Your task — When you reach the line holding "Exterior view of" in the material below, return that line and each one after it, word for word, with the pictures dropped.
[Dataset extract]
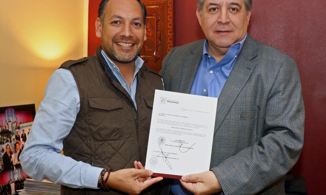 El secretario del Ayuntamiento, Federico Fernández Morales entregó nombramientos a Emilio Castañeda Castañeda, como director de Limpieza Pública y a Manlio Iván Villar Martínez, como director de la Playa Bagdad, a quienes exhortó a cumplir con un alto sentido de responsabilidad las tareas asignadas para beneficio de Matamoros y de sus familias.
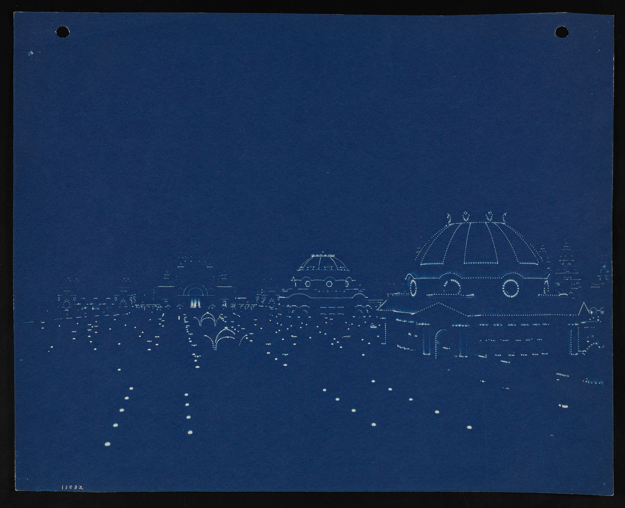 Exterior view of buildings and grounds, with night illumination of Esplanade, Mines Building, Horticulture Building, Graphic Arts Building, Temple of Music, Ethnology Building, and Electricity Building as seen from the United States Government Building.
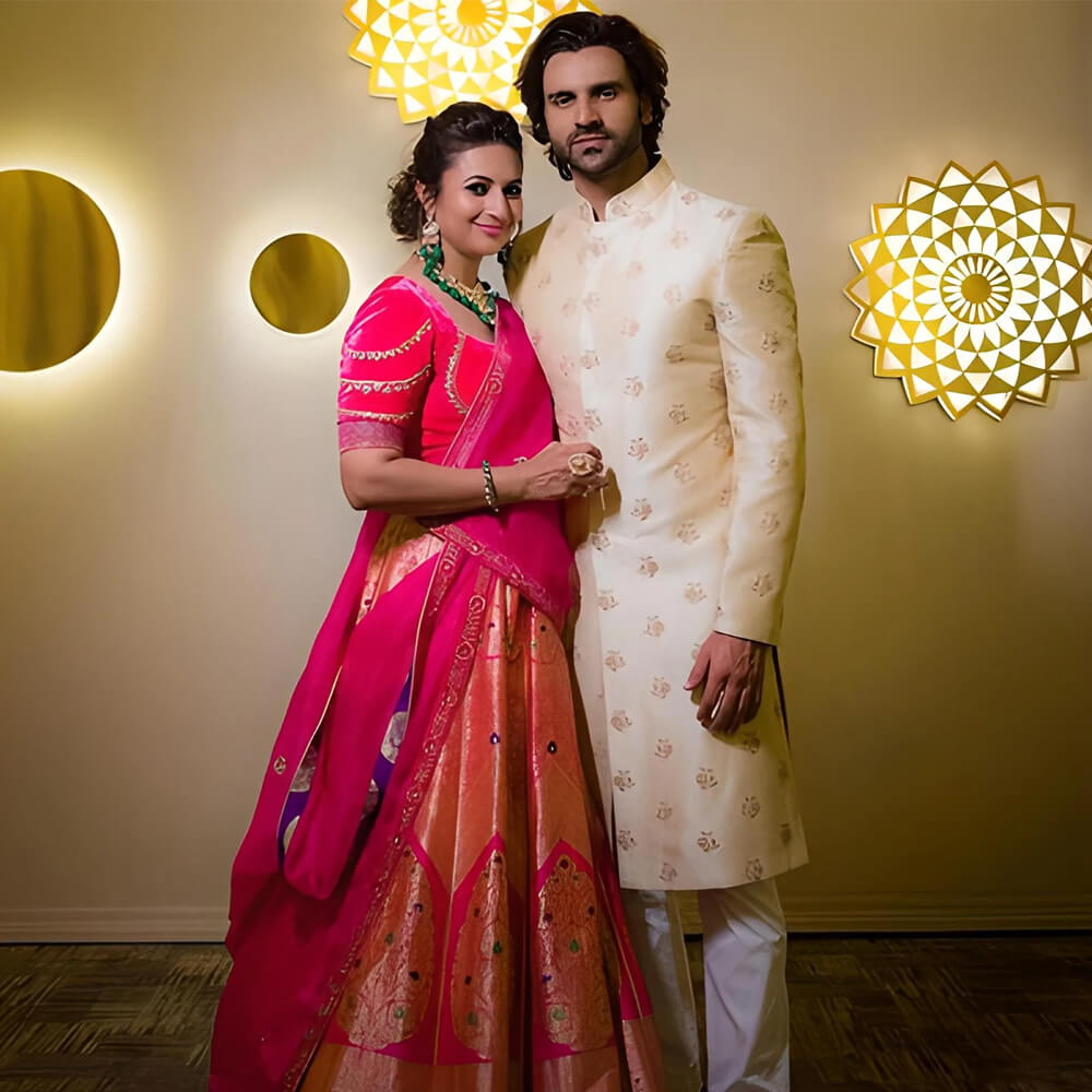 Divyanka Tripathi radiated charm & vibrance in our fuschia silk lehenga with blouse & dupatta
[/Dataset extract]
Solution to the problem —
 Exterior view of buildings and grounds, with night illumination of Esplanade, Mines Building, Horticulture Building, Graphic Arts Building, Temple of Music, Ethnology Building, and Electricity Building as seen from the United States Government Building.
 Divyanka Tripathi radiated charm & vibrance in our fuschia silk lehenga with blouse & dupatta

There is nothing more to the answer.